[INPUT FOR THIS TASK]
═══

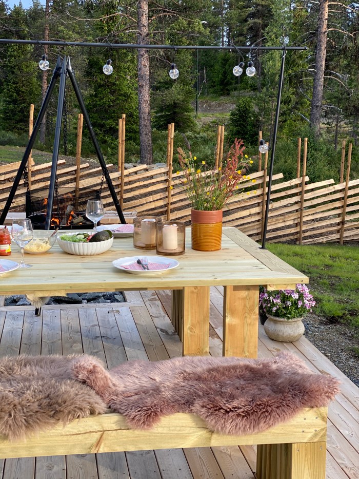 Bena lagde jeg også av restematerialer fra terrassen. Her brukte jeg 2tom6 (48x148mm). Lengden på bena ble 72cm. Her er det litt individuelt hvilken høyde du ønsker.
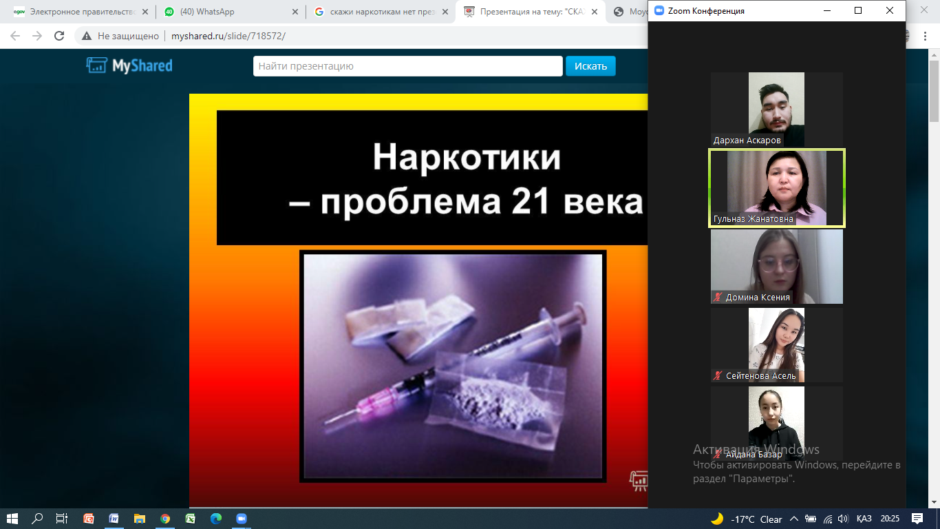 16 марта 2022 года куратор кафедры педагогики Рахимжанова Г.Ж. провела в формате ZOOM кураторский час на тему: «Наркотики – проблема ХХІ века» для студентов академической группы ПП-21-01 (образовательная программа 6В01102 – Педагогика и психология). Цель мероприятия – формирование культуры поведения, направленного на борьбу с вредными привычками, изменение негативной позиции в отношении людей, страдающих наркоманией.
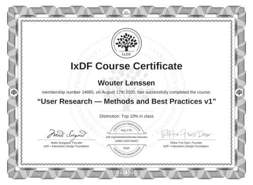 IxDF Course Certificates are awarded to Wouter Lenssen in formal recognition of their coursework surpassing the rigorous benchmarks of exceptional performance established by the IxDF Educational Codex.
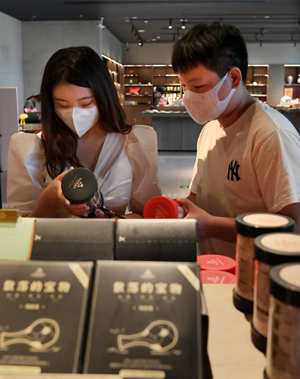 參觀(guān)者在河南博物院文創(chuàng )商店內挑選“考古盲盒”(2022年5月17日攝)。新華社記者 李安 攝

═══

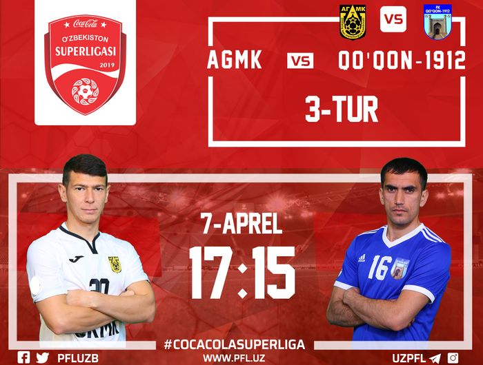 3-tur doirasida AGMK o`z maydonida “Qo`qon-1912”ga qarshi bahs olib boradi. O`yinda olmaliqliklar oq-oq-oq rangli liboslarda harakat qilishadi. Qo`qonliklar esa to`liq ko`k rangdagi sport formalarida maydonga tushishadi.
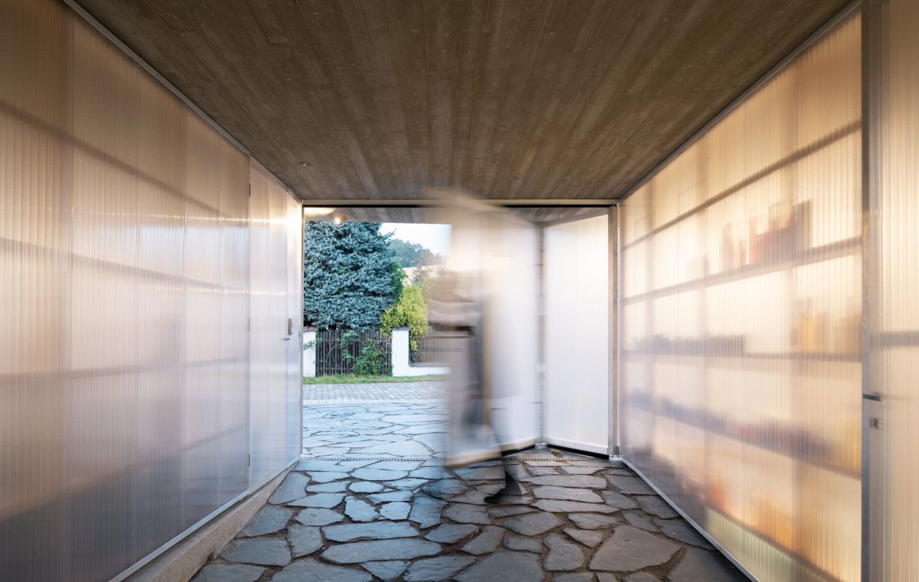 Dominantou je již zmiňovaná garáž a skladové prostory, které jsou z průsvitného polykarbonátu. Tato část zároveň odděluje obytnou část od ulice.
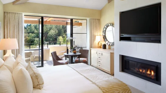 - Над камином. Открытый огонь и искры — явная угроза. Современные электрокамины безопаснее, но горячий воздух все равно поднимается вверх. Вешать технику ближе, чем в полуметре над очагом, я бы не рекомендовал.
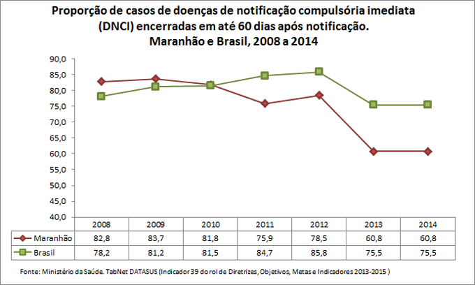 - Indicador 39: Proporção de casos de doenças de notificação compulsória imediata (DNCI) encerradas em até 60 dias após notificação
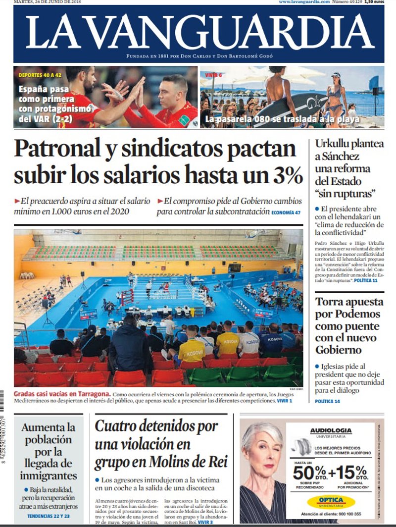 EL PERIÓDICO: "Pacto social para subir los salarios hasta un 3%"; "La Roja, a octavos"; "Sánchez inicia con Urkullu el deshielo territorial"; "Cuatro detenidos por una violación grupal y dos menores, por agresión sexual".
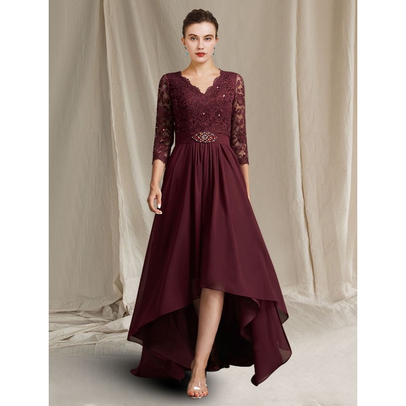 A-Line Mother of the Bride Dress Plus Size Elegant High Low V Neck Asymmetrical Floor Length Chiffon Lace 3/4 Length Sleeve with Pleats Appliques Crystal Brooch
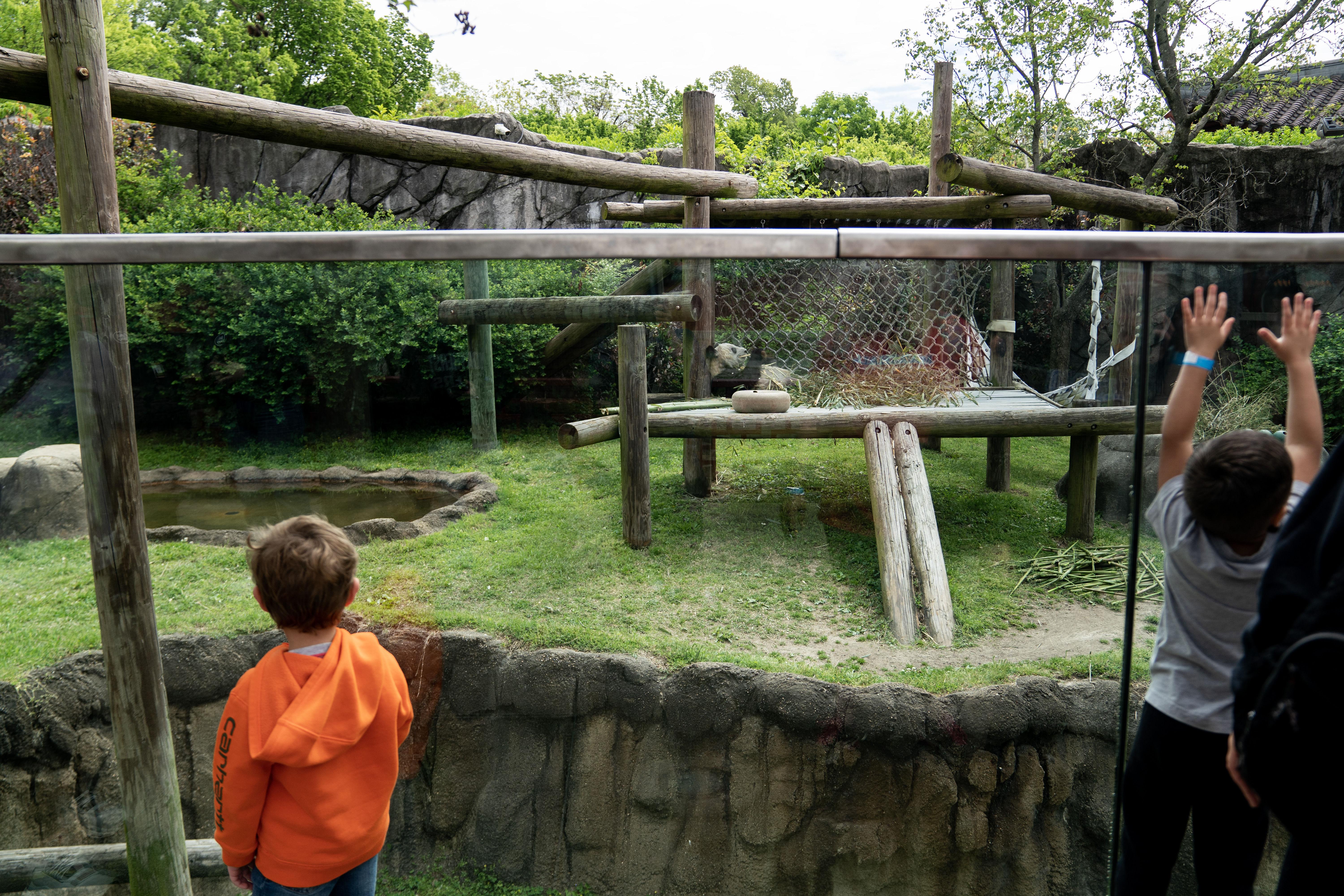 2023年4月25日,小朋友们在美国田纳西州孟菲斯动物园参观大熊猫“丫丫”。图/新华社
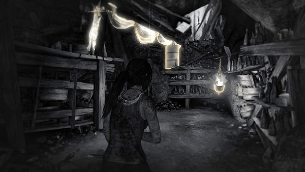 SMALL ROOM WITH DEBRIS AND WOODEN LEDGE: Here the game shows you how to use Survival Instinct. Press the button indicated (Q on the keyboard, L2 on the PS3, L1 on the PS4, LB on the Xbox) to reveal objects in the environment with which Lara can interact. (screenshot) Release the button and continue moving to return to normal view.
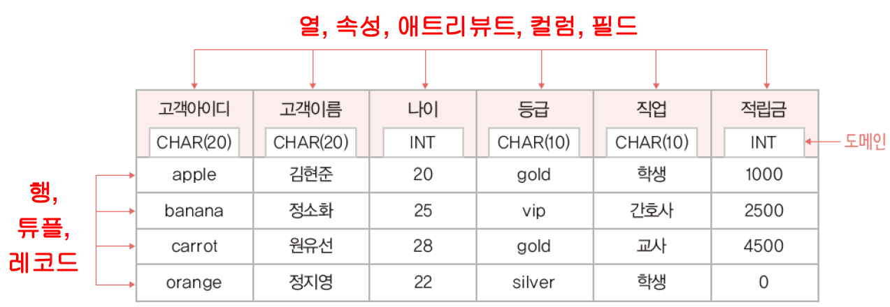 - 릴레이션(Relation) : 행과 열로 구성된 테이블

═══

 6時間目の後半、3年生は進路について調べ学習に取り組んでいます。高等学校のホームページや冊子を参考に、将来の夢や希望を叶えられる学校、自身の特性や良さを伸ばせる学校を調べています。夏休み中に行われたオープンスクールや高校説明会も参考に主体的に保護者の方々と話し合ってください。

═══

Transcribe, exactly and without pictures, everything in the data from the line with "2023年4月25日,小朋友" down to the line with "SMALL ROOM WITH", both included.

 2023年4月25日,小朋友们在美国田纳西州孟菲斯动物园参观大熊猫“丫丫”。图/新华社
 SMALL ROOM WITH DEBRIS AND WOODEN LEDGE: Here the game shows you how to use Survival Instinct. Press the button indicated (Q on the keyboard, L2 on the PS3, L1 on the PS4, LB on the Xbox) to reveal objects in the environment with which Lara can interact. (screenshot) Release the button and continue moving to return to normal view.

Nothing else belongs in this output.